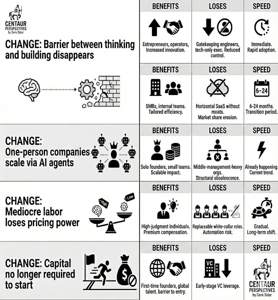 Entrepreneurs with real domain insight benefit. Operators who understand workflows benefit. Solo founders and small teams benefit. High judgment talent benefits.
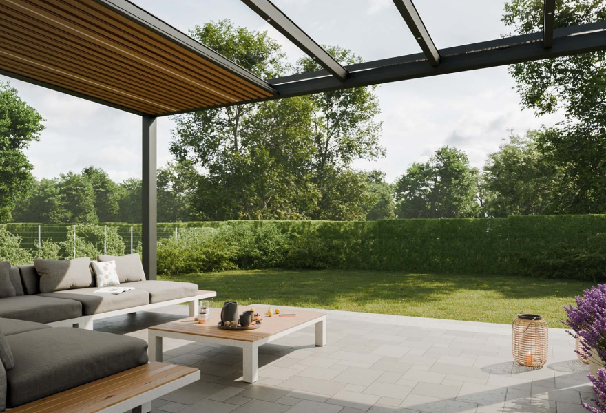 Die elegante, feste Terrassenüberdachung mit maximalem Lichteinfall. Immer hell. Immer geschützt.
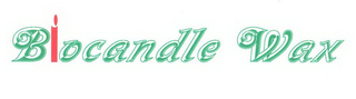 - DM0000: The mark consists of the words, BIOCANDLE WAX, with the "i" appearing as the design of a candle. The color red appears on the design of a candle; the colors green and white appear on the remaining elements of the mark.
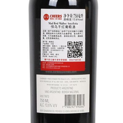 由马尔贝克、安塞罗塔混酿而成,酒体呈现深紫罗兰色,优雅而迷人。圆润的单宁,使口感醇厚,浅尝后,浓郁的浆果气息在口中绽放。
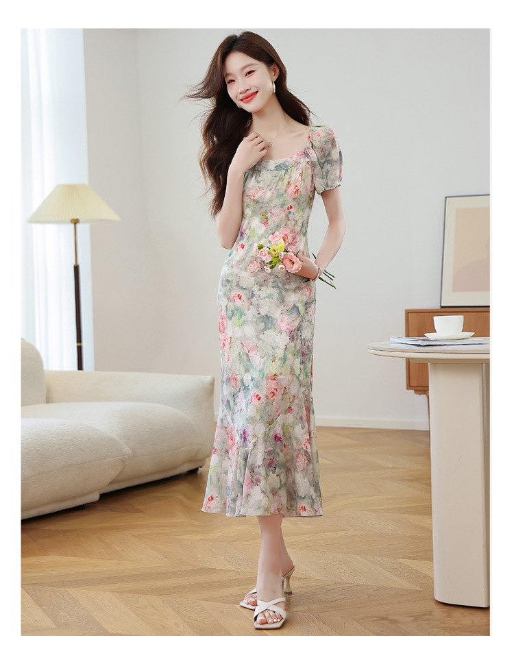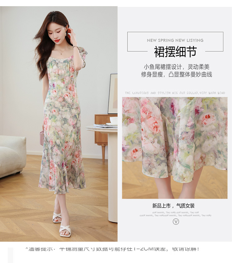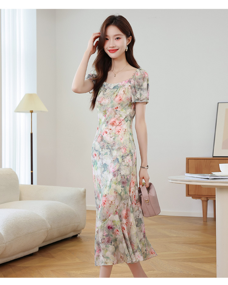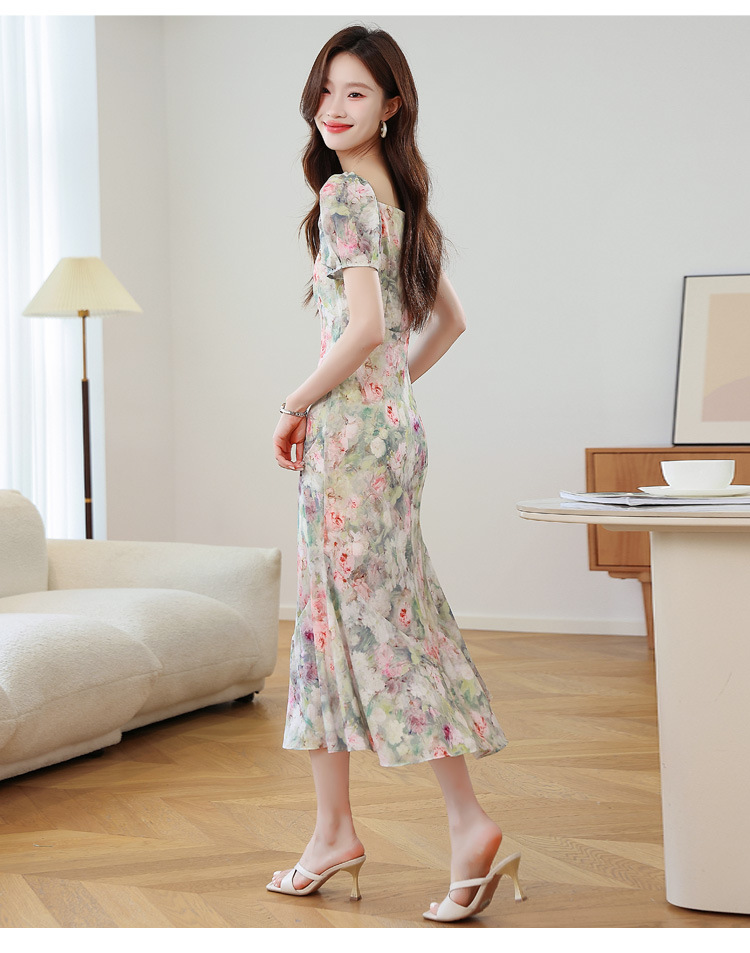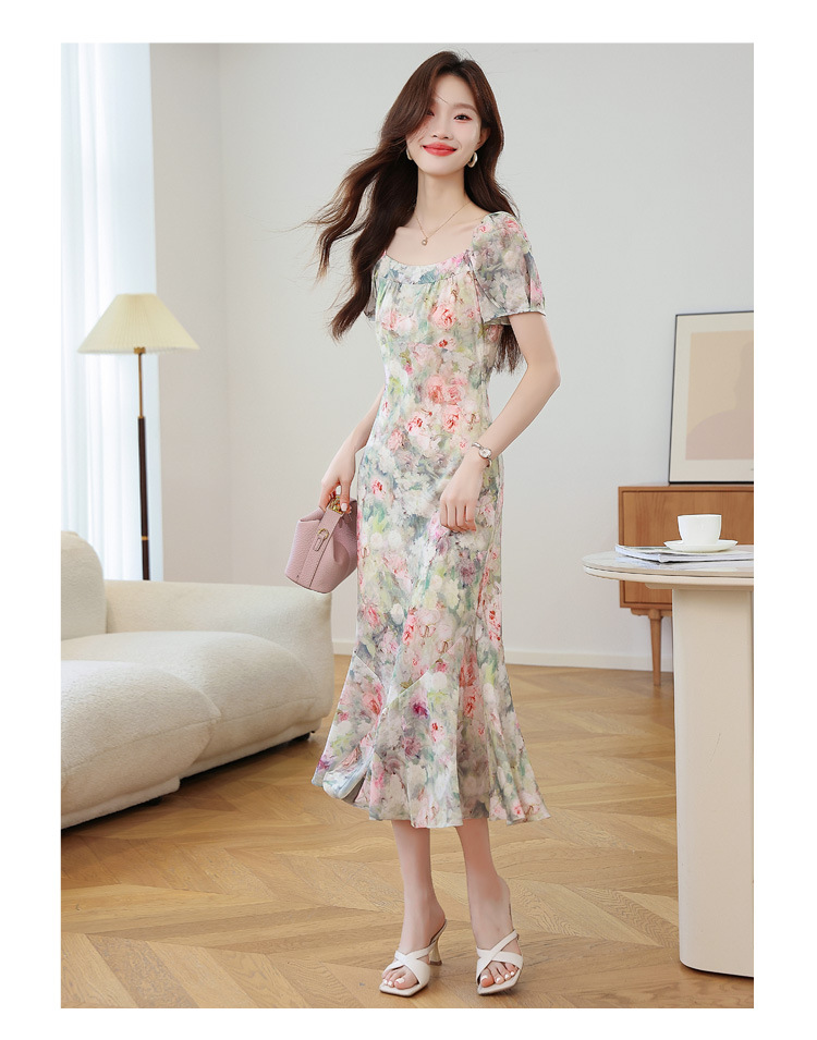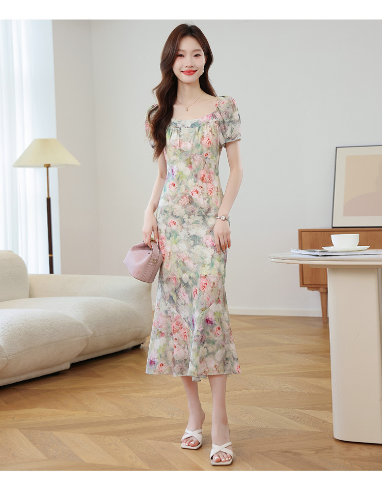 2025新款泡泡袖碎花连衣裙法式方领度假荷叶边鱼尾长裙HR-AIMI8269
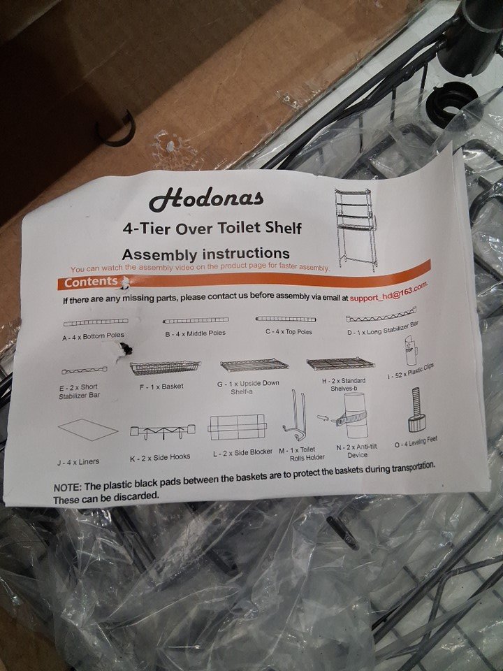 hodonas 4-tier Shelf Over the Toilet Rack Storage Organizer Stand FOR BATHROOM - 600lbs cap - 27" x 10" x 67" - grey
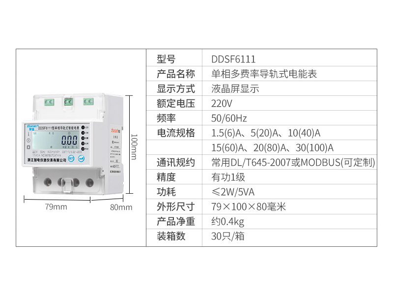DDSF6111單相導(dǎo)軌式多費(fèi)率電能表(4P)
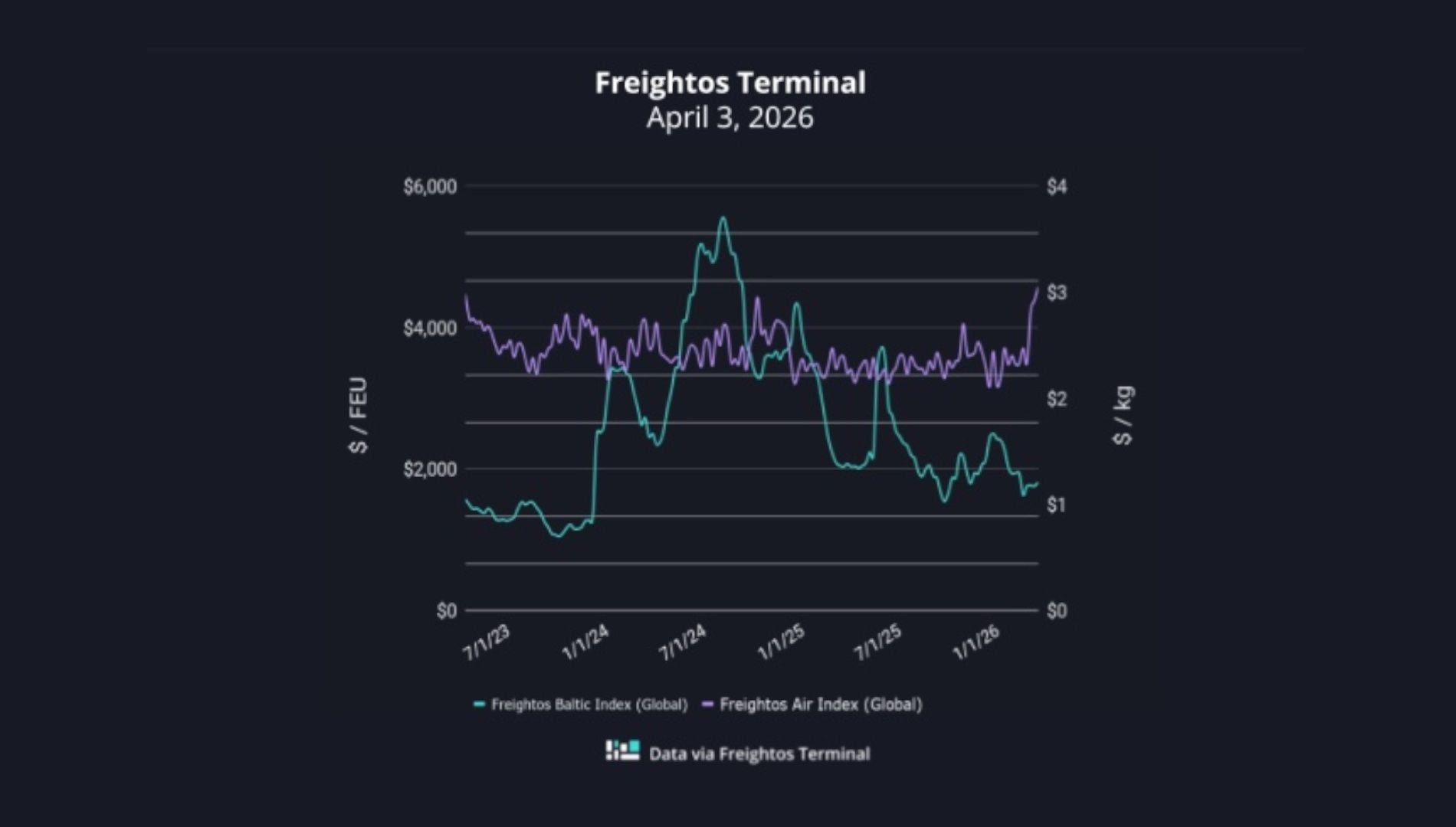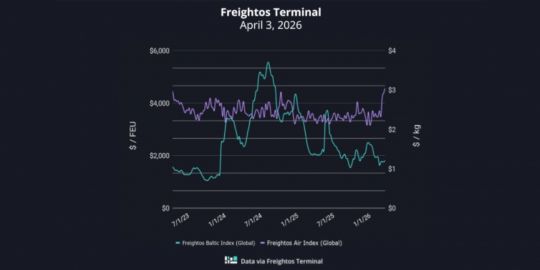 Los fletes siguen los primeros días de abril su tendencia al alza impulsados por los sobrecargos por incremento de los precios de los combustibles introducidos como consecuencia de la guerra de Irán.
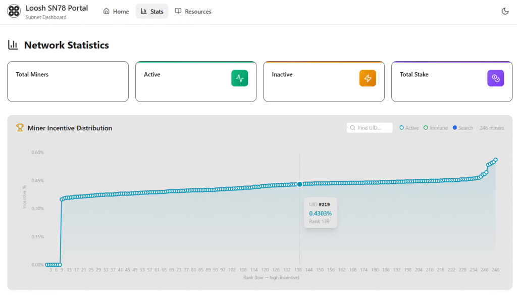 NETWORK VISIBILITY: Real-time subnet statistics, active miner distribution, stake allocation metrics, and transparent ‘miners’ leaderboard rankings.
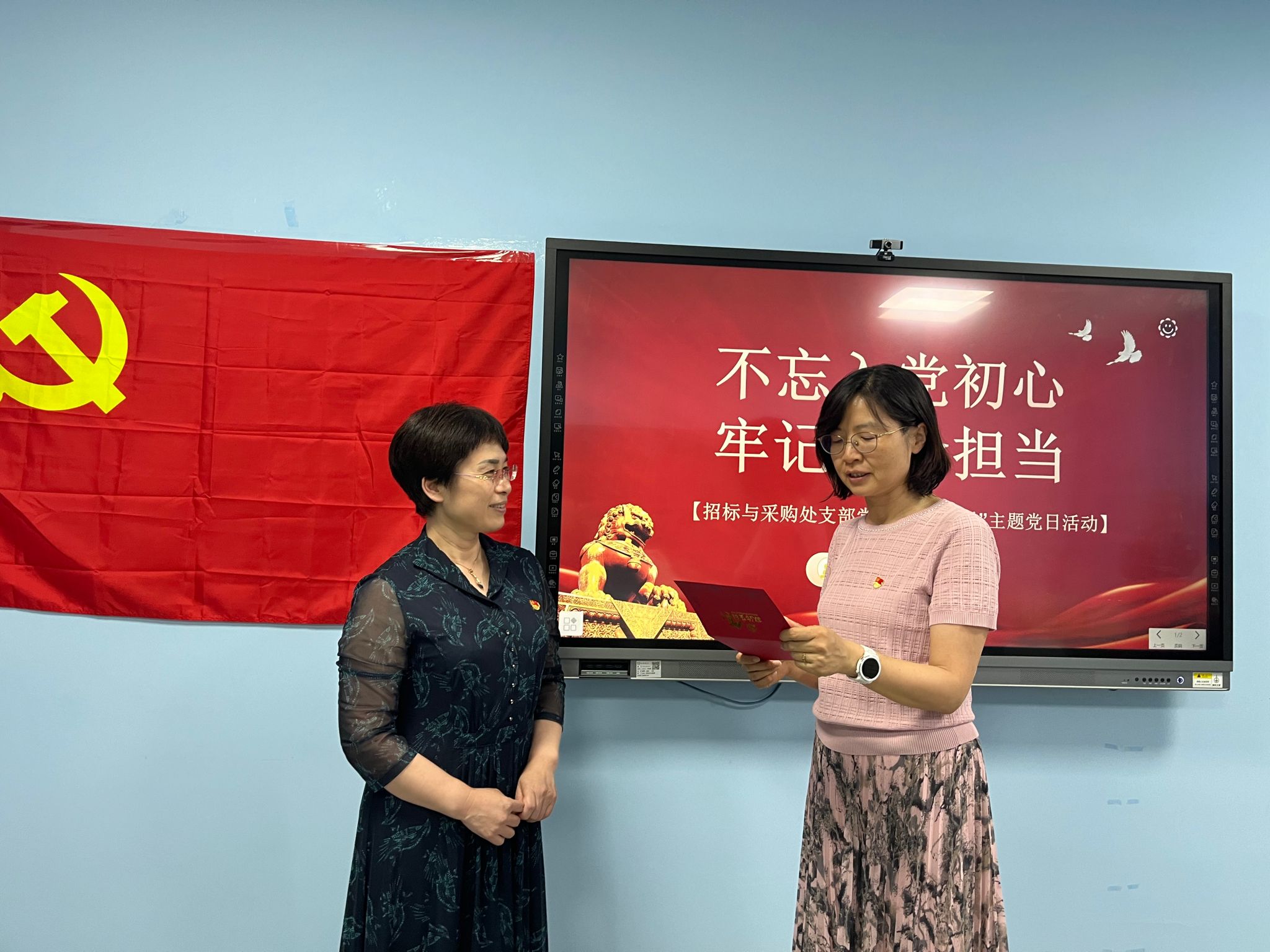为加强党性教育,强化党员身份意识和责任意识,激发党员政治热情,7月1日下午,招标与采购处支部为党员集体过“政治生日”。主题党日活动通过赠送“政治生日”贺卡、“政治生日”礼物,重温入党誓词、党员追忆入党初心、发表政治生日感言等颇具仪式感的环节,激励党员永葆初心。副校长和新盈以普通党员身份参加活动。
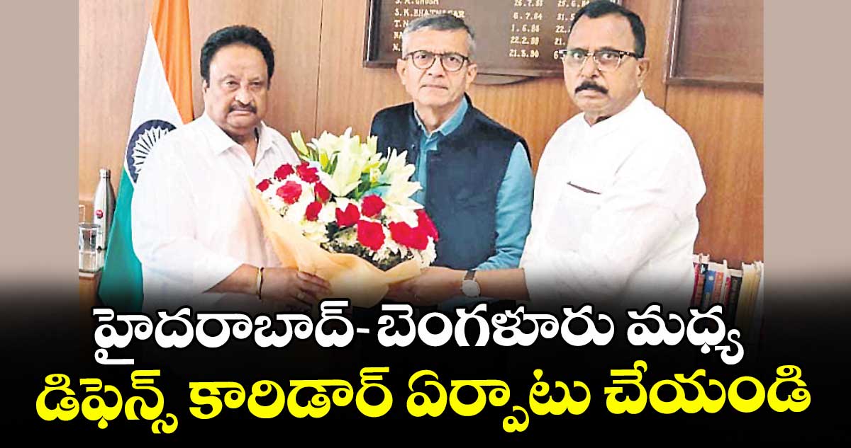న్యూఢిల్లీ, వెలుగు: హైదరాబాద్– -బెంగళూరు మధ్య డిఫెన్స్ కారిడార్ ఏర్పాటు చేసి దేశ రక్షణ రంగ అభివృద్ధికి ఊతమివ్వాలని కేంద్రానికి తెలంగాణ ప్రభుత్వ ప్రత్యేక ప్రతినిధి ఏపీ జితేందర్ రెడ్డి విజ్ఞప్తి చేశారు. బుధవారం ఢిల్లీలో ఎంపీ మల్లు రవితో కలిసి కేంద్ర రక్షణ శాఖ కార్యదర్శి రాజేశ్ కుమార్ సింగ్ను ఆయన ఛాంబర్లో కలిసి ఈ విషయంపై చర్చించారు. సమావేశంలో కేంద్ర ప్రభుత్వ ప్రాజెక్టులు, ప్రాయోజిత పథకాల సమన్వయ కార్యదర్శి అద్వైత్ కుమార్ సింగ్ కూడా ఉన్నారు. గతంలోనే సీఎం రేవంత్ రెడ్డి ప్రధాని మోదీ, రక్షణ మంత్రి రాజ్నాథ్ సింగ్కు లేఖలు రాసిన విషయాన్ని గుర్తుచేశారు.
•••
#### TASK BRIEF:
Please transcribe all of the records above exactly, leaving out any pictures.

#### ANSWER TO THIS TASK:
 Entrepreneurs with real domain insight benefit. Operators who understand workflows benefit. Solo founders and small teams benefit. High judgment talent benefits.
 Die elegante, feste Terrassenüberdachung mit maximalem Lichteinfall. Immer hell. Immer geschützt.
 - DM0000: The mark consists of the words, BIOCANDLE WAX, with the "i" appearing as the design of a candle. The color red appears on the design of a candle; the colors green and white appear on the remaining elements of the mark.
 由马尔贝克、安塞罗塔混酿而成,酒体呈现深紫罗兰色,优雅而迷人。圆润的单宁,使口感醇厚,浅尝后,浓郁的浆果气息在口中绽放。
 2025新款泡泡袖碎花连衣裙法式方领度假荷叶边鱼尾长裙HR-AIMI8269
 hodonas 4-tier Shelf Over the Toilet Rack Storage Organizer Stand FOR BATHROOM - 600lbs cap - 27" x 10" x 67" - grey
DDSF6111單相導(dǎo)軌式多費(fèi)率電能表(4P)
 Los fletes siguen los primeros días de abril su tendencia al alza impulsados por los sobrecargos por incremento de los precios de los combustibles introducidos como consecuencia de la guerra de Irán.
 NETWORK VISIBILITY: Real-time subnet statistics, active miner distribution, stake allocation metrics, and transparent ‘miners’ leaderboard rankings.
为加强党性教育,强化党员身份意识和责任意识,激发党员政治热情,7月1日下午,招标与采购处支部为党员集体过“政治生日”。主题党日活动通过赠送“政治生日”贺卡、“政治生日”礼物,重温入党誓词、党员追忆入党初心、发表政治生日感言等颇具仪式感的环节,激励党员永葆初心。副校长和新盈以普通党员身份参加活动。
న్యూఢిల్లీ, వెలుగు: హైదరాబాద్– -బెంగళూరు మధ్య డిఫెన్స్ కారిడార్ ఏర్పాటు చేసి దేశ రక్షణ రంగ అభివృద్ధికి ఊతమివ్వాలని కేంద్రానికి తెలంగాణ ప్రభుత్వ ప్రత్యేక ప్రతినిధి ఏపీ జితేందర్ రెడ్డి విజ్ఞప్తి చేశారు. బుధవారం ఢిల్లీలో ఎంపీ మల్లు రవితో కలిసి కేంద్ర రక్షణ శాఖ కార్యదర్శి రాజేశ్ కుమార్ సింగ్ను ఆయన ఛాంబర్లో కలిసి ఈ విషయంపై చర్చించారు. సమావేశంలో కేంద్ర ప్రభుత్వ ప్రాజెక్టులు, ప్రాయోజిత పథకాల సమన్వయ కార్యదర్శి అద్వైత్ కుమార్ సింగ్ కూడా ఉన్నారు. గతంలోనే సీఎం రేవంత్ రెడ్డి ప్రధాని మోదీ, రక్షణ మంత్రి రాజ్నాథ్ సింగ్కు లేఖలు రాసిన విషయాన్ని గుర్తుచేశారు.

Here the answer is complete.